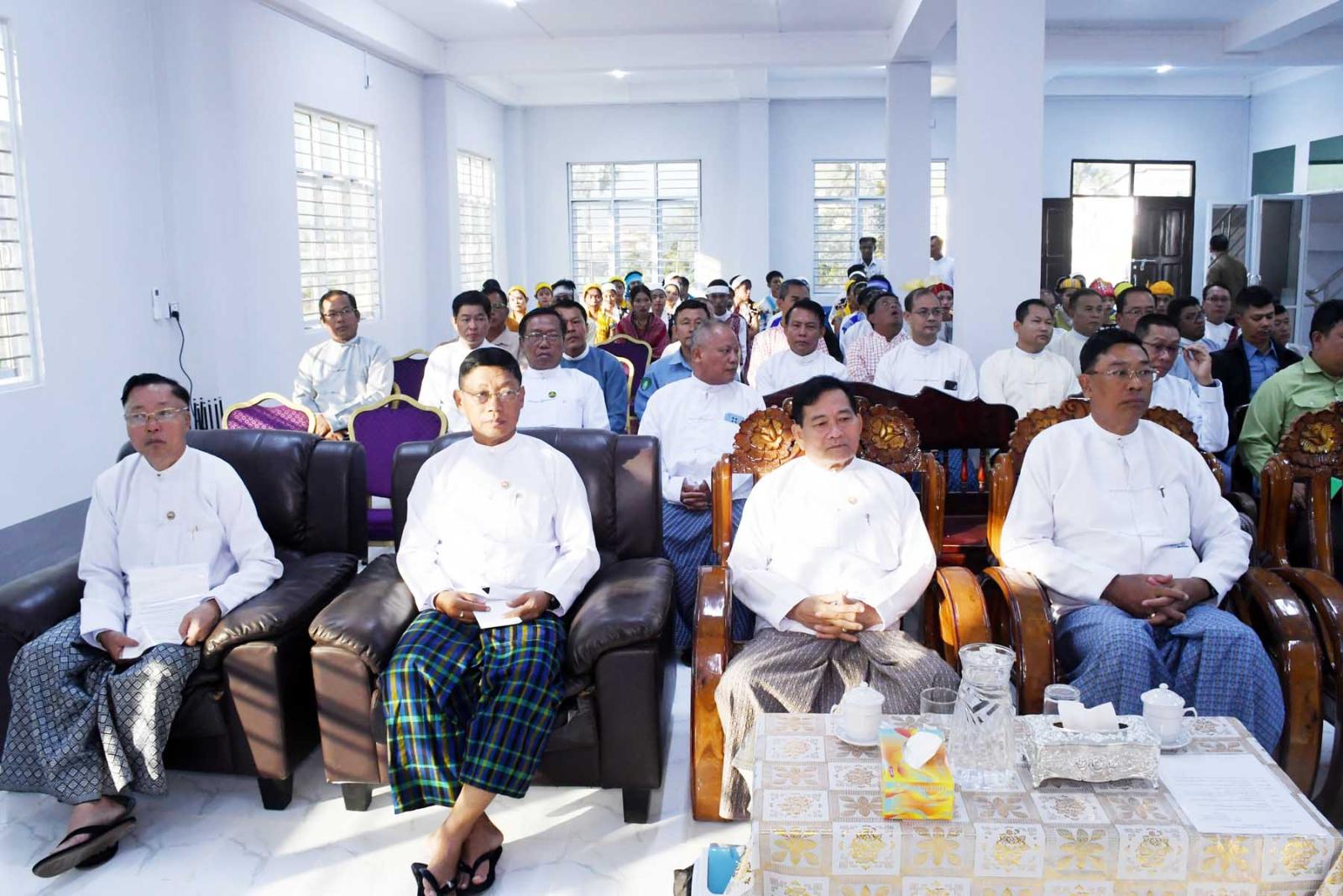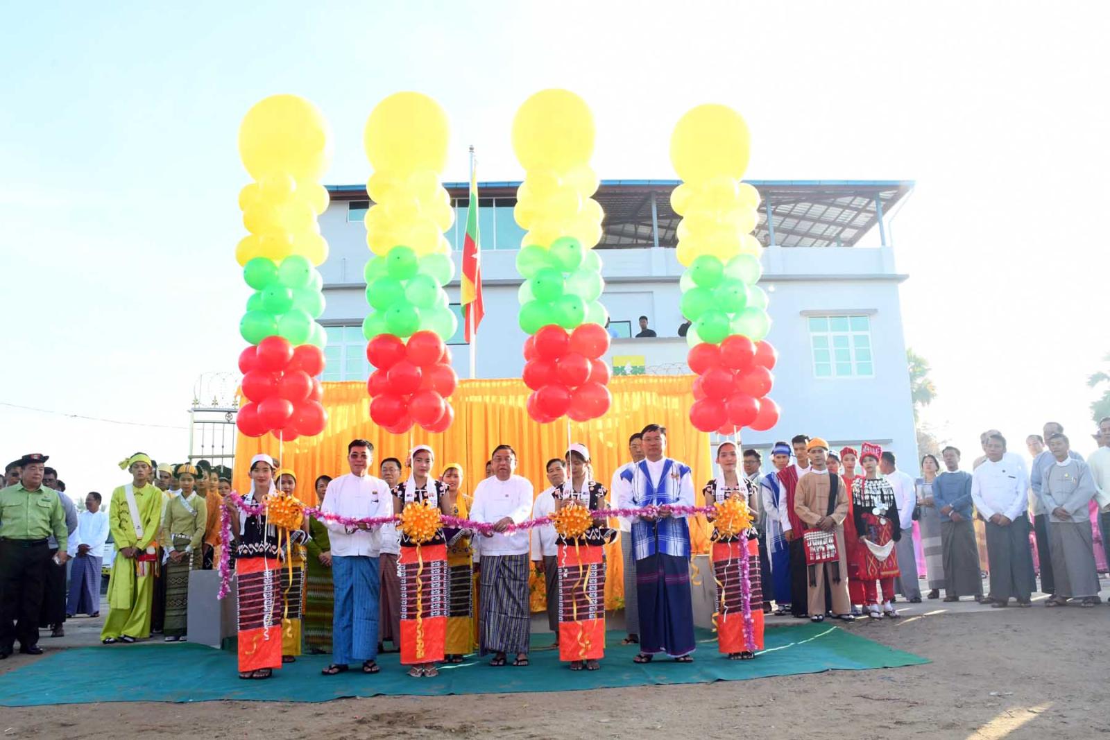 ဦးစွာတိုင်းဒေသကြီးဝန်ကြီးချုပ် ဦးမြတ်ကို၊ တိုင်းရင်းသားလူမျိုးများရေးရာဝန်ကြီးဌာန ဒုတိယဝန်ကြီး ဦးဇော်အေးမောင်၊ တိုင်းဒေသကြီးတိုင်းရင်းသားရေးရာဝန်ကြီး ဦးစောမာတင်လူသာတို့က တိုင်းရင်းသားရေးရာစင်တာအား ဖဲကြိုးဖြတ် ဖွင့်လှစ်ပေးပြီးတိုင်းဒေသကြီးဝန်ကြီးချုပ် ဦးမြတ်ကိုက စင်တာဆိုင်းဘုတ်အားစက်ခလုတ်နှိပ်၍ဖွင့်လှစ်ပေးကာ ဖိတ်ကြားထားသော ဧည့်သည်တော်များက ကမ္ဗည်းမော်ကွန်းအား အမွှေးနံ့သာရည်ပက်ဖျန်းပေးသည်။
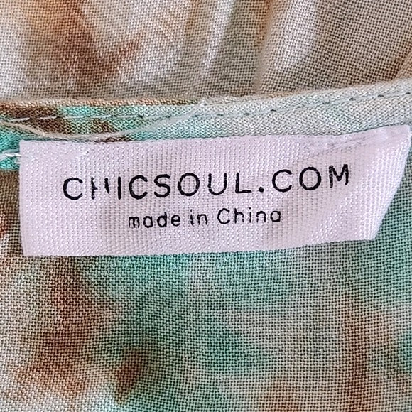 Chic Soul Green and Brown Tie-Dye Boho Blouse Size 2XL Green Tie-Dye Blouse
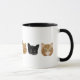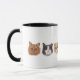 Uma caneca que caracteriza retratos de gatos do lugar de seis gatos malhados.
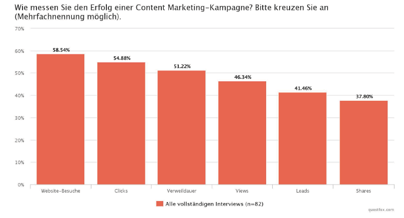 Laut der Studie „Content Marketing und Content Promotion in der DACH-Region“, betreiben nur 44 Prozent der deutschen Unternehmen Content Marketing wirklich intensiv. Erste Ansätze davon haben 38 Prozent bereits implementiert. Dabei bildet Content Marketing einen Gegenpol zu Kampagnen, die ganz klar auf den Abverkauf zielen. Hauptsächlich für Branding setzen 77 Prozent der Befragten Fach- und Führungskräfte in Deutschland, Österreich und der Schweiz Content Marketing ein. Knapp über die Hälfte (56 Prozent) nutzt es für Kundenbindung oder Performance-Kampagnen (54 Prozent). 45 Prozent der Unternehmen dient Content Marketing als Traffic-Treiber, indem es SEO-Aktivitäten unterstützt. Den Erfolg von Content Marketing messen die Betreiber dabei am liebsten in Besuchen und Klicks auf ihre Websites. Als weitere Kennzahlen dienen die Verweildauer, Views, Leads oder Shares.

_ _ _ _ _ _ _

WHAT THE TASK REQUIRES:
In the listing above, find the line containing "Chic Soul Green" and the line containing "Uma caneca que", then output those two lines and everything between them exactly as written, without the images.

ANSWER BOX:
 Chic Soul Green and Brown Tie-Dye Boho Blouse Size 2XL Green Tie-Dye Blouse
 Uma caneca que caracteriza retratos de gatos do lugar de seis gatos malhados.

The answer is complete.